Further exploration of the Cockscomb Basin did not transpire until 1927, when further British expeditions were launched to assess timber reserves; subsequently, logging began to occur until the year 1984, primarily with extraction of cedar (Cedrela odorata) and mahogany (Swietenia macrophylla). At about the same time as exploitation of these resources was virtually complete, a nationwide study of the jaguar was initiated. This scientific investigation led by Alan Rabinowitz, a recent recipient of the PhD degree from the University of Tennessee, found that the Cockscomb Basin was a particularly important habitat for the jaguar, not only in Belize, but from a Central America perspective.

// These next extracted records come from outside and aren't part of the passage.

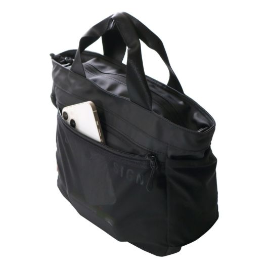 手持ち、ショルダーと使い分けられる2WAYタイプです。小ぶりな見た目ですが、マチ幅もしっかりとあり、見た目以上に頼りになる収納力。ポーチなど普段持ち歩くアイテムはしっかりと収まります。なお、本体の内外にポケットを設けることで、細かなアイテムも迷子にならず、扱いやすさにも配慮された仕上がりとなっています。500mlサイズのペットボトルも収まりハンドタオルや長財布など普段必要性の高いアイテムも入れて頂けます。
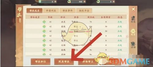 2、在帮派成员管理页面,点击下方的脱离帮派;
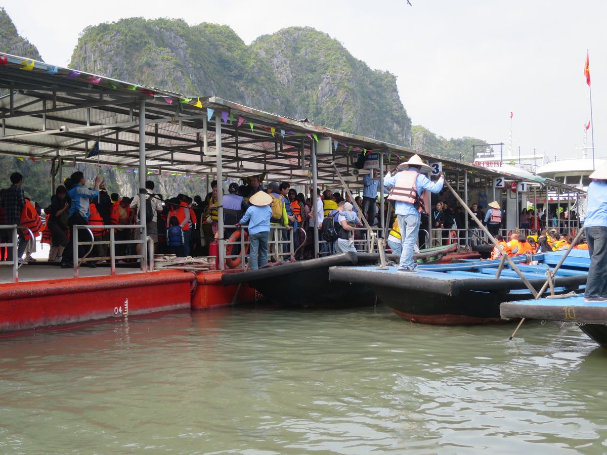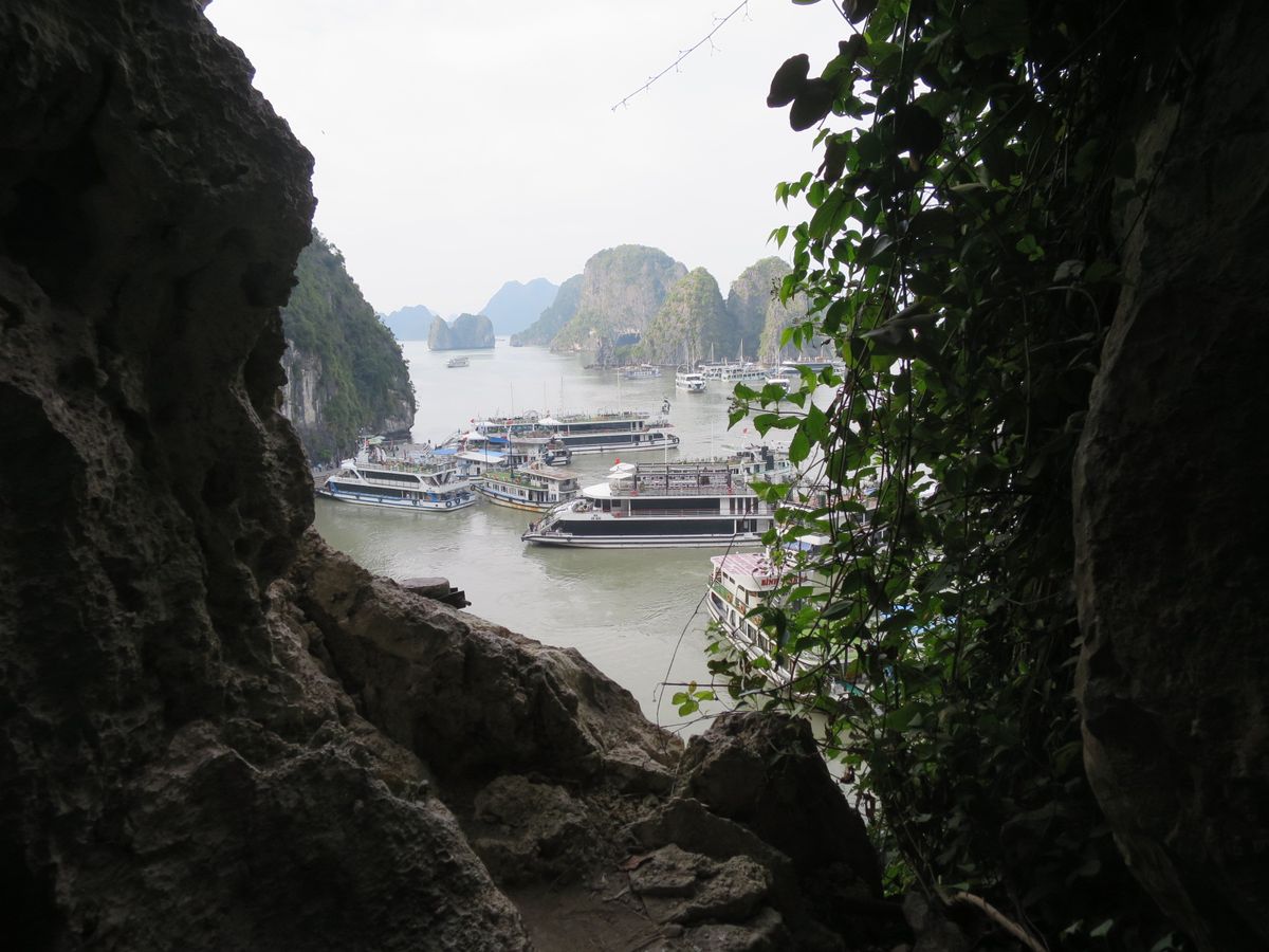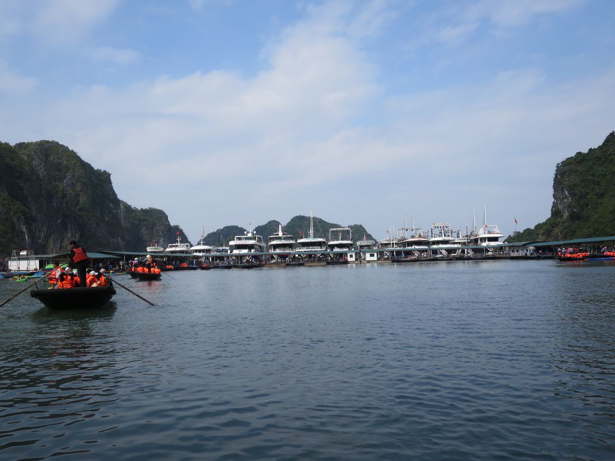 継続して世界遺産に認定されているだけあって壮大で迫力があり、ツアーもクルージング、充実した船内でのベトナム料理を堪能、上陸して、狭い湾については別のバンブーボートもしくは、カヌーで見学、鍾乳洞の徒歩見学、その後別の島で自力で展望台に上り、帰りのサービスエリアで夕食と盛りだくさんだった。残念なのは、いま一つ担当のガイドさんが積極的ではなく、質問すれば答えてくれるが自分からうんちくを語る場面が(期待していたのですが)あまりなかった。特に同じツアー会社のもう一つのグループ(クルージングだけは合同)のガイドが非常に元気でアグレッシブだったので、余計に残念感が出てしまっていたように思う。

In 1986, Rabinowitz and Archie Carr III convinced the government of Belize to establish a no hunting zone with respect to jaguars in a portion of the Cockscomb Basin. By 1990, after further convincing, the Belize government expanded the Sanctuary substantially, and in 1995 another 160 km^{2} were added to connect the holding to the Bladen Branch Nature Reserve.

In 1988, the IUCN declared the Cockscomb Basin Wildlife Sanctuary "The major achievement in cat conservation for the triennium". In that year, Prince Philip as president of World Wide Fund for Nature—WWF, honoured Ignacio Pop for his work in encouraging creation of the reserve. In 1998, the Victoria Peak National Monument area was established embracing 19.59 km^{2} of protected land.